Find "Receptor de medios" in the material below, then write out that line and every line after it exactly, ending with the last one; skip the pictures.

--- Exercise data ---

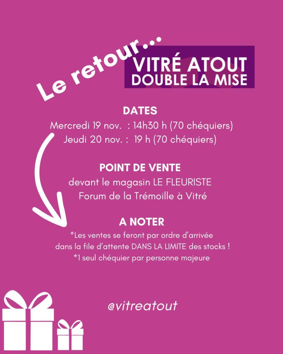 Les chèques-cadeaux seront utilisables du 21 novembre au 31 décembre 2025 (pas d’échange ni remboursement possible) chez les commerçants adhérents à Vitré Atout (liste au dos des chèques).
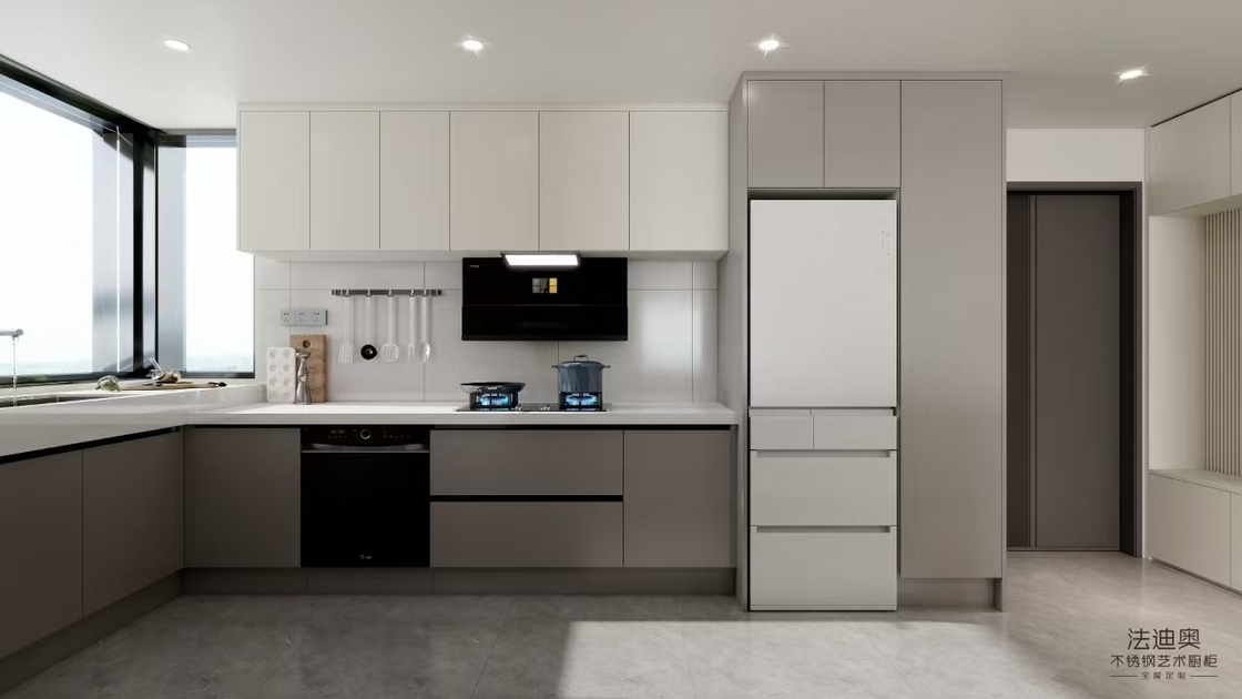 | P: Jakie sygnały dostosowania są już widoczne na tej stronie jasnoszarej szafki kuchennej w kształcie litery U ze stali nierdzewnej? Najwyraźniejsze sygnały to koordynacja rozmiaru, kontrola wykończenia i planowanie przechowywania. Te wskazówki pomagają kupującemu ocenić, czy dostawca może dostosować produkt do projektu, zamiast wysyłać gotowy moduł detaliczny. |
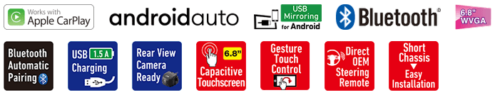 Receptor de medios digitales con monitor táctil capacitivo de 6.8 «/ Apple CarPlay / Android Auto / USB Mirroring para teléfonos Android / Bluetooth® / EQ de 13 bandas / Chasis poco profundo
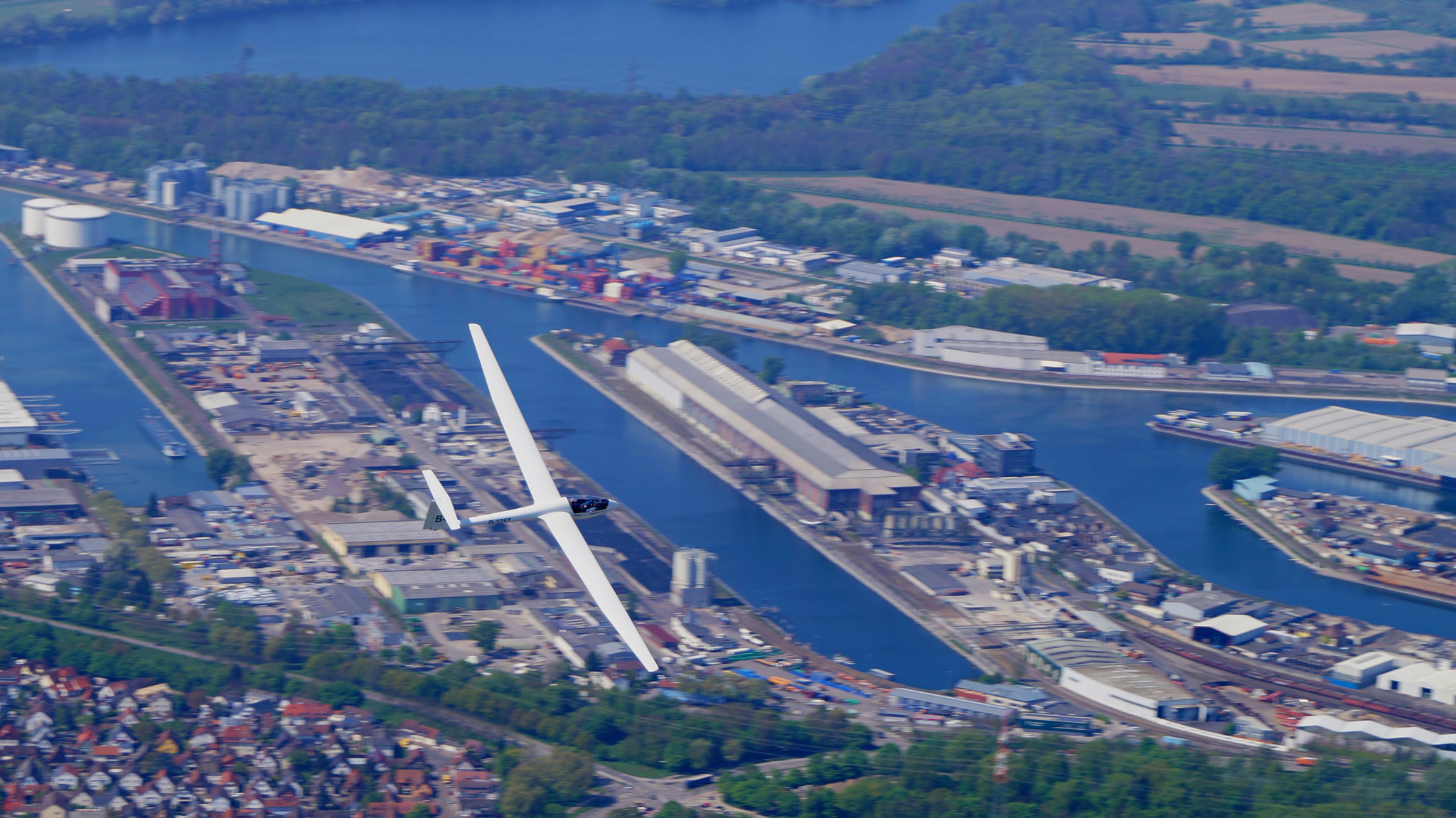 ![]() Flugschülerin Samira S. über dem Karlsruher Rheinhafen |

---

## Completed exercise
 Receptor de medios digitales con monitor táctil capacitivo de 6.8 «/ Apple CarPlay / Android Auto / USB Mirroring para teléfonos Android / Bluetooth® / EQ de 13 bandas / Chasis poco profundo
 ![]() Flugschülerin Samira S. über dem Karlsruher Rheinhafen |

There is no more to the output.